The financial industry has adopted Python at a tremendous rate recently, with some of the largest investment banks and hedge funds using it to build core trading and risk management systems. This hands-on guide helps both developers and quantitative analysts get started with Python, and guides you through the most important aspects of using Python for quantitative finance.

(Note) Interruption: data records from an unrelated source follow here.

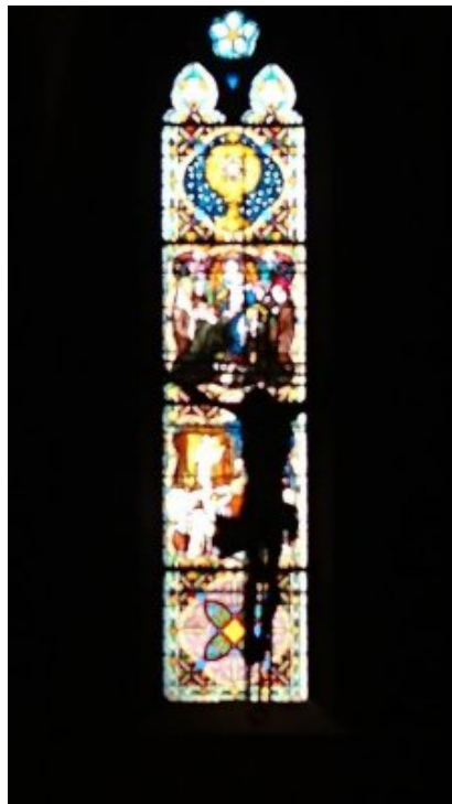
le Corps du Christ est comme une chrysalide vidée de la mort qui nous permet de participer à la Divinité

Le groupe composé de personnes issues de diverses origines (russe, vietnamienne, hongroise, slovaque, japonaise, française, allemande ...) a travaillé de manière assidue pendant 4 jours. Le temps de travail était entrecoupé par les offices de la communauté des soeurs bénédictines de Rosheim qui nous accueillait.
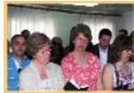
Ceia do Senhor nº 39
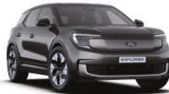
MAGNETIC GREY - lakier metalizowany 3 000 zł Lakier niedostępny dla wersji Collection
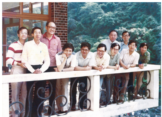
▲1977台灣中華醫藥傳道會CCMM一起編織醫療傳道美夢的夥伴

自從有歷史以來，宣道策略本來就沒有固定。歷代宣道的策略，包括：（一）名嘴宣講：藉著基督徒的領袖魅力來宣講福音與真理。（二）家庭探訪：透過家戶探訪佈道來傳揚福音。（三）擒賊擒王：從上而下的宣道策略，當國家領袖歸信基督，帶領國家成為基督教國家，進而影響百姓。（四）街頭呼喊：透過福音車或舉看板，宣揚福音喚醒人悔改。（五）小組外展：透過「啓發課程」（The Alpha Course）在小組中建立友誼關係，進一步傳揚福音。（六）醫療傳道：海內外醫療義診團至偏遠地區進行醫療服務，進一步傳福音給當地病患及百姓。（七）媒體聯網：人工智慧（AI）和虛擬實境（VR）是未來世界的趨勢，因應時代變化，運用未來科技來宣揚福音。（八）友誼分享：透過建立關係、陪伴交誼，傳福音領人信主；不只是陪對方走一里路（帶領對方決志、受洗），而是要陪對方走二里路（使對方從信徒到門徒），信主得救之後，願意繼續傳福音領人歸主。
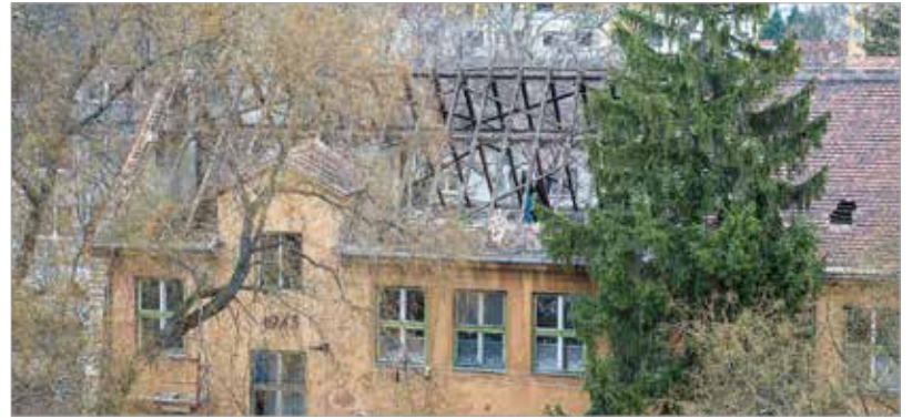
A tetőtér beépítése is megkezdődött

Az új tornaterem mellett táncsterem, kórusterem és foglalkoztatók épülnek, kicserélik a nyílászárókat, és akadálymentesítik az udvart. A nagyszabású felújítással a pedagógusok, a diákok és a szülők régi vágya teljesül, hiszen a nagy múltú intézmény a város zeneoktatásának fellegvára: húsz osztályába ötszázötvennégy gyermek jár, akiket csaknem hatvan pedagógus tanít.
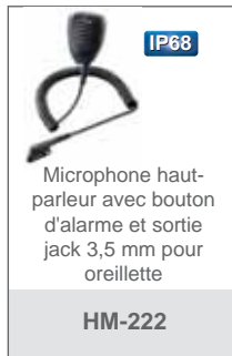
Microphone haut-parleur avec bouton d'alarme et sortie jack 3,5 mm pour oreillette
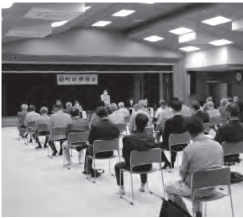
▲参加者で満員となりました(村岡会場)

新しく作った農業機械の購入に対する支援策は、認定農業者や法人化した組織などに対し、今までより補助率を上げ、耕作放棄地をできるだけ発生しないように取り組んでいただく事業です。個人が購入する機械を対象とすると、他の産業、職業で頑張っておられる人との整合性が取れませんので、そうした支援策は町では考えていません。(町長)

Using practical examples through the book, author Yves Hilpisch also shows you how to develop a full-fledged framework for Monte Carlo simulation-based derivatives and risk analytics, based on a large, realistic case study. Much of the book uses interactive IPython Notebooks, with topics that include:

  • Fundamentals: Python data structures, NumPy array handling, time series analysis with pandas, visualization with matplotlib, high performance I/O operations with PyTables, date/time information handling, and selected best practices
  • Financial topics: mathematical techniques with NumPy, SciPy and SymPy such as regression and optimization; stochastics for Monte Carlo simulation, Value-at-Risk, and Credit-Value-at-Risk calculations; statistics for normality tests, mean-variance portfolio optimization, principal component analysis (PCA), and Bayesian regression
  • Special topics: performance Python for financial algorithms, such as vectorization and parallelization, integrating Python with Excel, and building financial applications based on Web technologies

商品描述(中文翻譯)

金融業最近以驚人的速度採用Python,一些最大的投資銀行和對沖基金使用它來建立核心交易和風險管理系統。這本實用指南幫助開發人員和量化分析師入門Python,並引導您了解使用Python進行量化金融的最重要方面。

作者Yves Hilpisch通過實際示例展示了如何基於大型、現實案例研究開發基於蒙特卡洛模擬的衍生品和風險分析的完整框架。本書的大部分內容使用互動式的IPython Notebooks,涵蓋的主題包括:

- 基礎知識:Python數據結構、NumPy數組處理、使用pandas進行時間序列分析、使用matplotlib進行可視化、使用PyTables進行高性能I/O操作、處理日期/時間信息以及選擇的最佳實踐方法。
- 金融主題:使用NumPy、SciPy和SymPy的數學技術,如回歸和優化;用於蒙特卡洛模擬、風險價值和信用價值風險計算的隨機過程;用於正態性測試、均值-方差組合優化、主成分分析(PCA)和貝葉斯回歸的統計學。
- 特殊主題:金融算法的高性能Python,如向量化和並行化;將Python與Excel集成;基於Web技術構建金融應用程序。